You may love, you may hate, or you may not know much about Freddy Mercury. You may disagree with how he lived his life and not feel sympathetic about his death from AIDS, but you have to give me one thing-the man could sing the paint off the walls, and they don't make musicians like him anymore...take note Justin Bieber...
I love Queen, the group Mercury headed with such flashy substance for MANY years producing number #1 hit after #1 hit.
After hearing Under Pressure again today, a hit sung with a David Bowie cameo, I had to look up the lyrics, because I love the song a lot and I caught some interesting words at the end that sat with me...
'Cause love's such an old fashioned word
And love dares you to care for
The people on the edge of the night
And love dares you to change our way of
Caring about ourselves
This is our last dance
This is ourselves
I thought, "you sing it Freddy!"
Last week, I felt my diet, and my sanity, slipping away.
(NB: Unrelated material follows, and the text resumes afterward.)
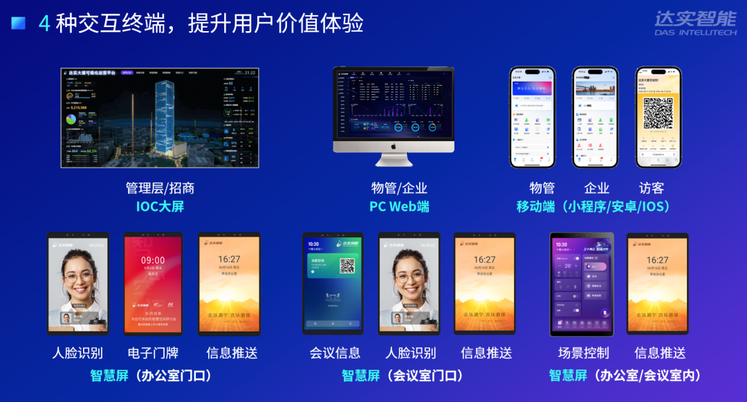 交互屏屏则安装在办公室、会议室、电梯厅等地,统一助实现人脸识别、电子门派、信息推送、场景控制等功能。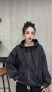 纯色工装开衫拉链连帽外套女 秋季新款百搭气质减龄夹克衫 25113

Felt cornered, felt slovenly, felt lazy, felt like all my hard work was falling apart. I had been feeling that way for at least the previous six weeks as well. This week I thought, "it's time, this is my body, I need to take care of business and stop dicking around, no one else can implant willpower into my brain or move my fat ass for me."
So in spite of being sick two days this week and not exercising those days, I ate very carefully, stuck to my guns, and lost three pounds (and I didn't even poop before weighing in).
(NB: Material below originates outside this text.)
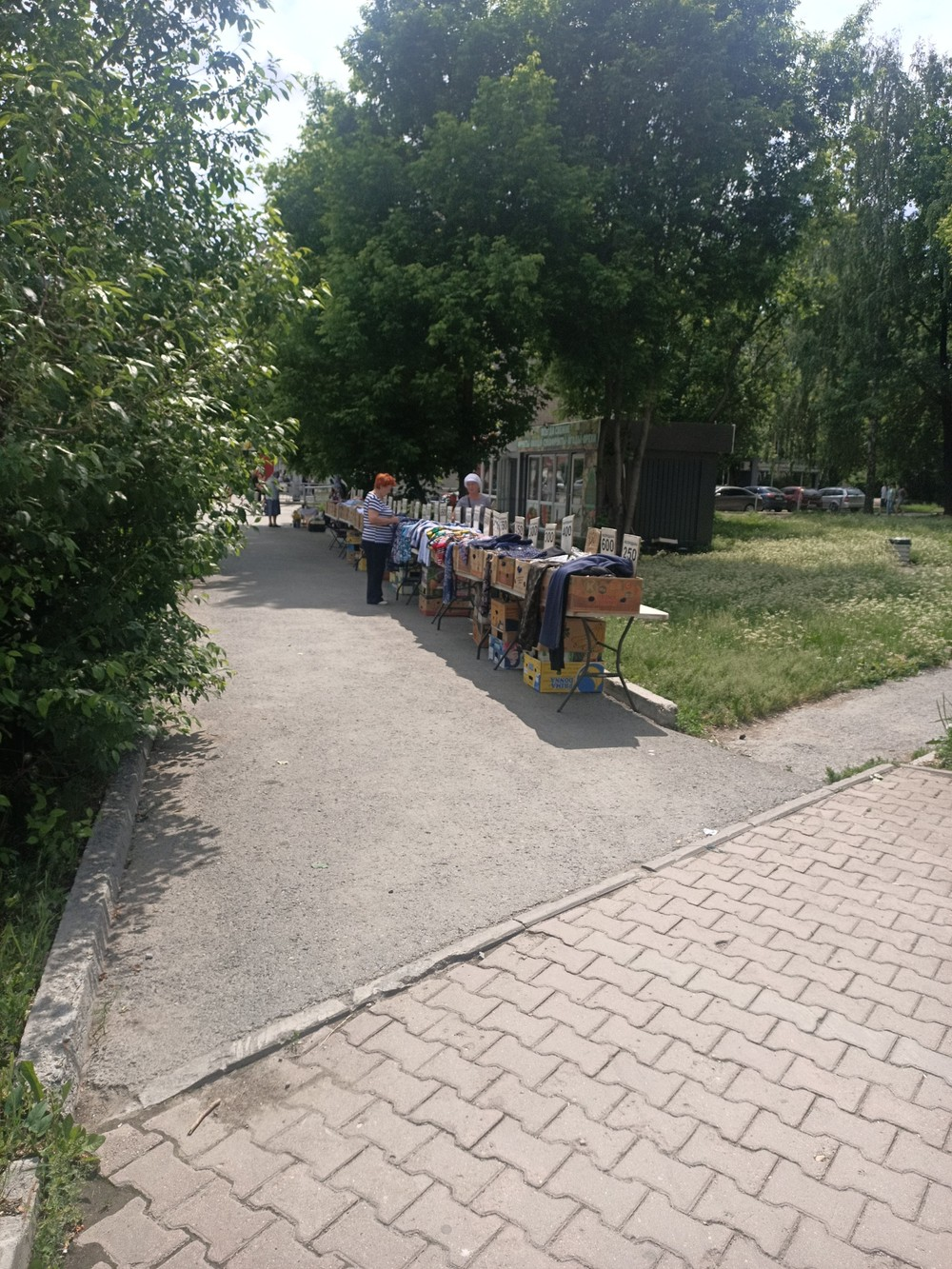 22.06.24 г., 12:40. г. Екатеринбург, ул. Щербакова 5/4. Перекресток с Павлодарской, торговля на тротуаре бельем.

You see, one of the few things I like about myself and have confidence in, is that I respond to pressure, and respond well. Maybe I let my rut get out of control because subconsciously I knew it would reach my tipping point, and then my type A would take over and I would kick my own ass again. Maybe just last week I noticed the tipping point was near and that I was a mess and in the process of failing slowly.
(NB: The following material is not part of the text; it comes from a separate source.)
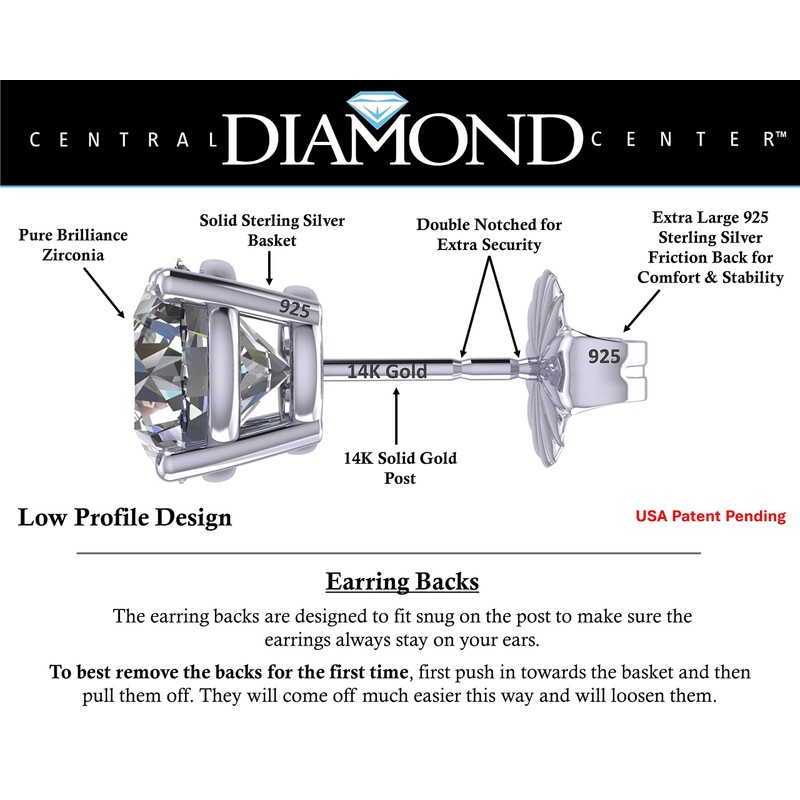 Central Diamond Center 14K Solid Gold Post & Sterling Silver 4 Prong CZ Stud Earrings - Platinum Plated - 4.5mm - 0.80cttw

Regardless of the impetus I felt the pressure, and was frightened to break it down and realize how old I am getting, how young my loved ones are dying, and that this is my last dance. So how do I want to feel, who do I want to be, and how do I want to go out and spend my only trip on this spinning ball of rock?
How do YOU want to go out? It's time to change our way of caring about ourselves...whether it is the crushing on your chest and joints from pounds, or the pounding in your brain from the crushing pressure, it's time to turn it around...flip the grid and use the pressure to make a change, as time waits for no one.